Work instruction –
Could you copy the records below exactly, leaving out any pictures they include?

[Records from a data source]

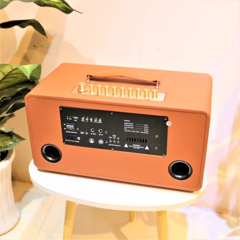 _Nguồn DC 12V bat in _ Bass 2T x 2, Treble x 10 _ Sử dụng bo CLASS D _Hỗ trợ USB, HDMI, Bluetooth, guitar in, mic in _Phụ kiện 2 mic cầm tay không
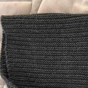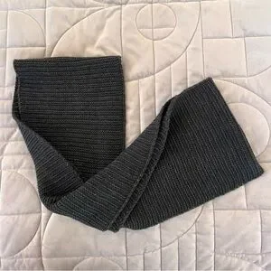 Thick cozy knitted scarf in charcoal gray/black in the infinity style. Measures 9.5” wide, 65” long. Excellent condition. Care instructions have been removed.
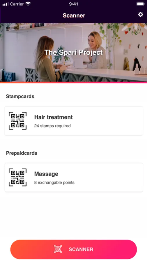 With this scanner app you will enable your company to easily hand out stamps, loyalty points and prepaid cards to your customers by scanning their personal QR-Code.
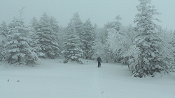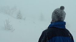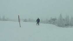 北極からダイレクトに低気圧がやってきて、やっと根子岳も普通に滑れる状態になったので、リフトが動く前にゲレンデを通過して美味しいところを頂くことにした。
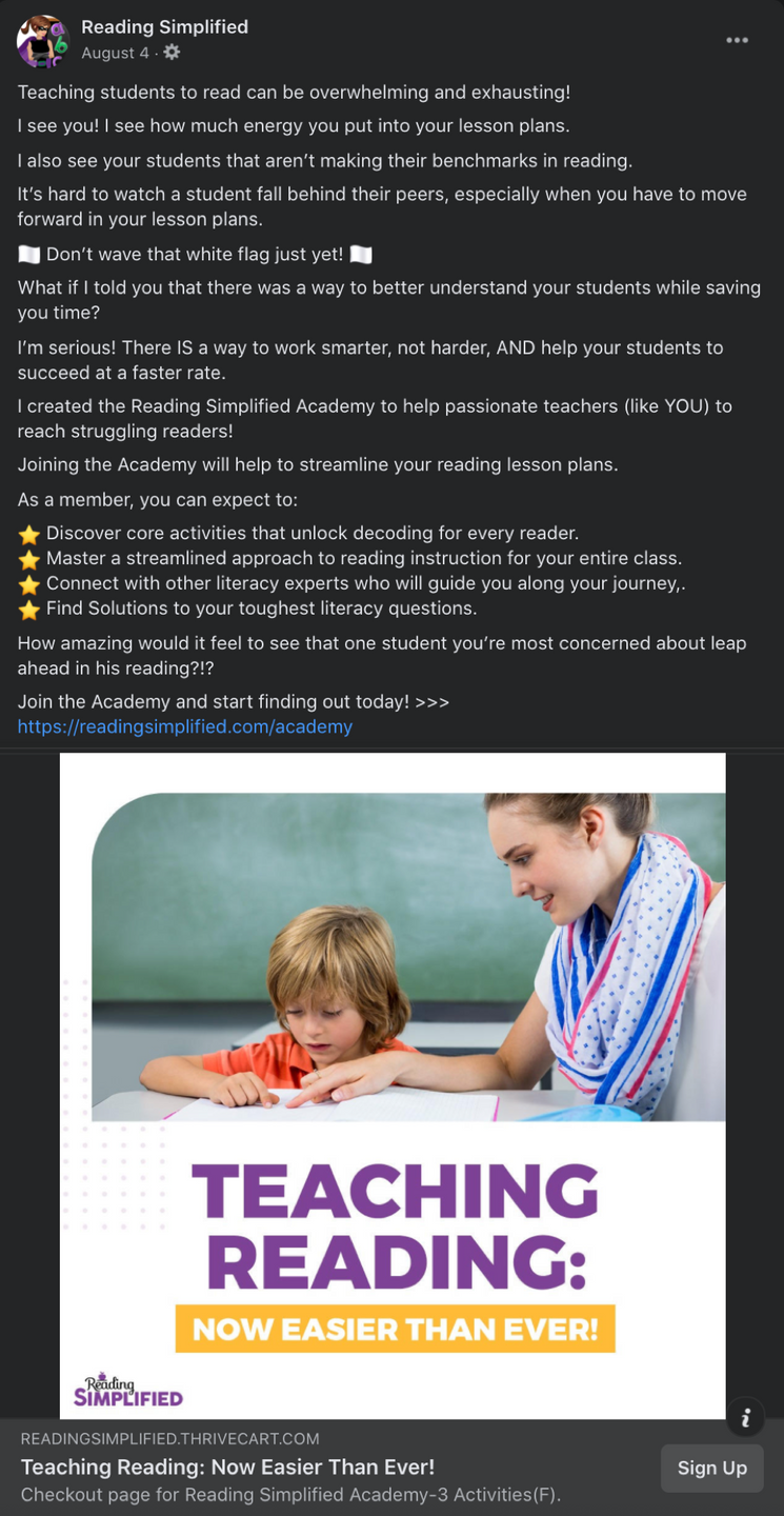 The goal was to sell the clients membership, Reading Simplifies Academy.
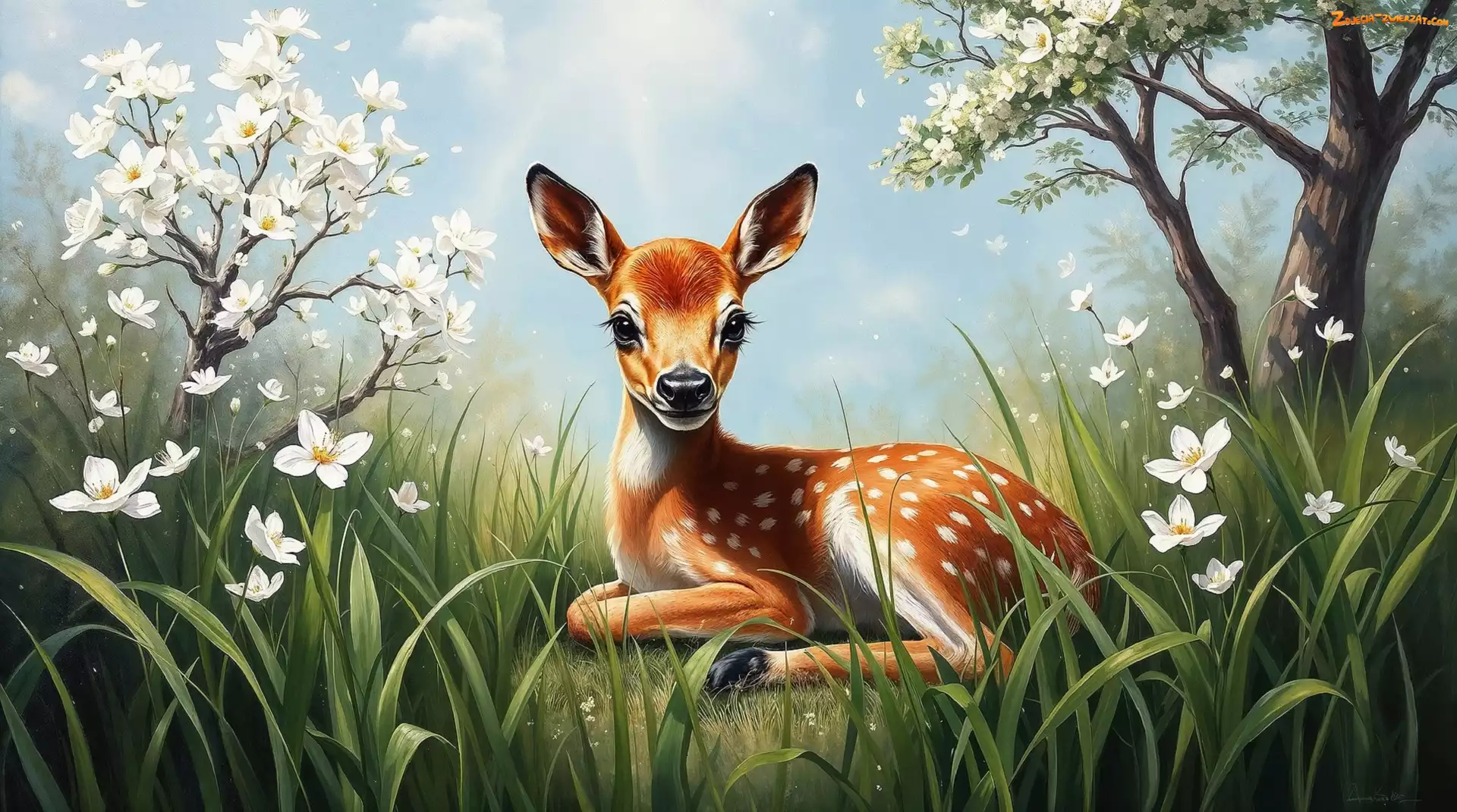 Zdjęcie: Grafika, Trawa, Sarenka, Sarna, Kwiaty, Drzewo
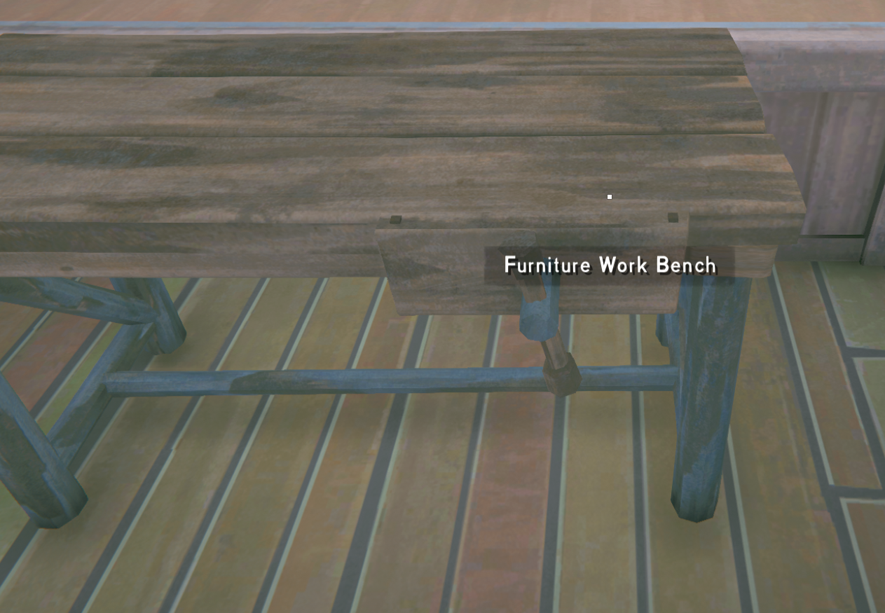 - Approach and interact with the Furniture Work Bench. By default, this opens the Crafting Menu
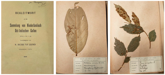 As confirmed in the first Supplement to The Zoocecidia of Netherlands’ East Indies [24,25], the study of gall biology was a significant focus of Willem Marius Docters van Leeuwen and Jenny Docters van Leeuwen-Reijnvaan during their permanence in the ‘Dutch East Indies’ (specifically, Central Java) from January 1908 to August 1932. Indeed, since 1912 Docters van Leeuwen compiled and published catalogues of galls from Java and other parts of the Malay Archipelago. Each folder contained 25 sheets of 18 × 28 cm, with specimens directly pinned to the sheet (Figure 2). A handwritten label provided information on the host plant, the gall-inducing organism, and the location/date of collection. The introductory booklet included a description of all samples with bibliographical references, drawings, and some photographs [27].
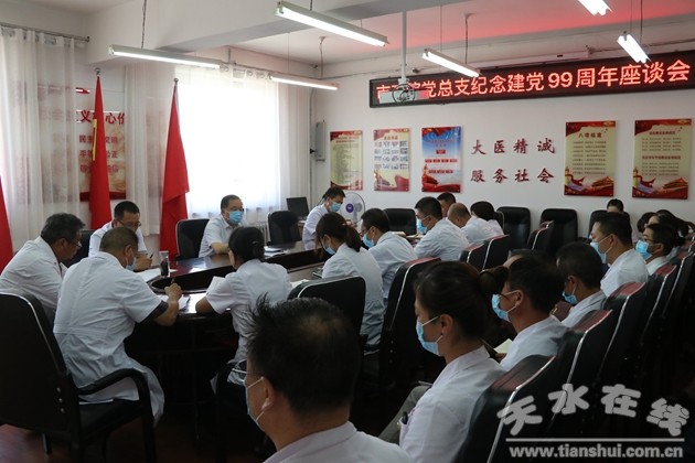 座談會上,全體黨員重溫了入黨誓詞。市五院黨總支委員、第一黨支部副書記郭萬玉同志宣讀《中共天水市第五人民醫(yī)院總支部委員會關(guān)于表彰優(yōu)秀共產(chǎn)黨員的決定》,與會領(lǐng)導(dǎo)現(xiàn)場向3名優(yōu)秀共產(chǎn)黨員代表頒發(fā)榮譽(yù)證書。隨后市五院黨總支紀(jì)檢委員、副院長縣錦春同志領(lǐng)學(xué)《中國共產(chǎn)黨簡史》,回顧了中國共產(chǎn)黨99年的光輝歷史。3位黨員代表結(jié)合工作實際作了交流發(fā)言。

Reply to the task –
 _Nguồn DC 12V bat in _ Bass 2T x 2, Treble x 10 _ Sử dụng bo CLASS D _Hỗ trợ USB, HDMI, Bluetooth, guitar in, mic in _Phụ kiện 2 mic cầm tay không
 Thick cozy knitted scarf in charcoal gray/black in the infinity style. Measures 9.5” wide, 65” long. Excellent condition. Care instructions have been removed.
 With this scanner app you will enable your company to easily hand out stamps, loyalty points and prepaid cards to your customers by scanning their personal QR-Code.
 北極からダイレクトに低気圧がやってきて、やっと根子岳も普通に滑れる状態になったので、リフトが動く前にゲレンデを通過して美味しいところを頂くことにした。
 The goal was to sell the clients membership, Reading Simplifies Academy.
 Zdjęcie: Grafika, Trawa, Sarenka, Sarna, Kwiaty, Drzewo
 - Approach and interact with the Furniture Work Bench. By default, this opens the Crafting Menu
 As confirmed in the first Supplement to The Zoocecidia of Netherlands’ East Indies [24,25], the study of gall biology was a significant focus of Willem Marius Docters van Leeuwen and Jenny Docters van Leeuwen-Reijnvaan during their permanence in the ‘Dutch East Indies’ (specifically, Central Java) from January 1908 to August 1932. Indeed, since 1912 Docters van Leeuwen compiled and published catalogues of galls from Java and other parts of the Malay Archipelago. Each folder contained 25 sheets of 18 × 28 cm, with specimens directly pinned to the sheet (Figure 2). A handwritten label provided information on the host plant, the gall-inducing organism, and the location/date of collection. The introductory booklet included a description of all samples with bibliographical references, drawings, and some photographs [27].
 座談會上,全體黨員重溫了入黨誓詞。市五院黨總支委員、第一黨支部副書記郭萬玉同志宣讀《中共天水市第五人民醫(yī)院總支部委員會關(guān)于表彰優(yōu)秀共產(chǎn)黨員的決定》,與會領(lǐng)導(dǎo)現(xiàn)場向3名優(yōu)秀共產(chǎn)黨員代表頒發(fā)榮譽(yù)證書。隨后市五院黨總支紀(jì)檢委員、副院長縣錦春同志領(lǐng)學(xué)《中國共產(chǎn)黨簡史》,回顧了中國共產(chǎn)黨99年的光輝歷史。3位黨員代表結(jié)合工作實際作了交流發(fā)言。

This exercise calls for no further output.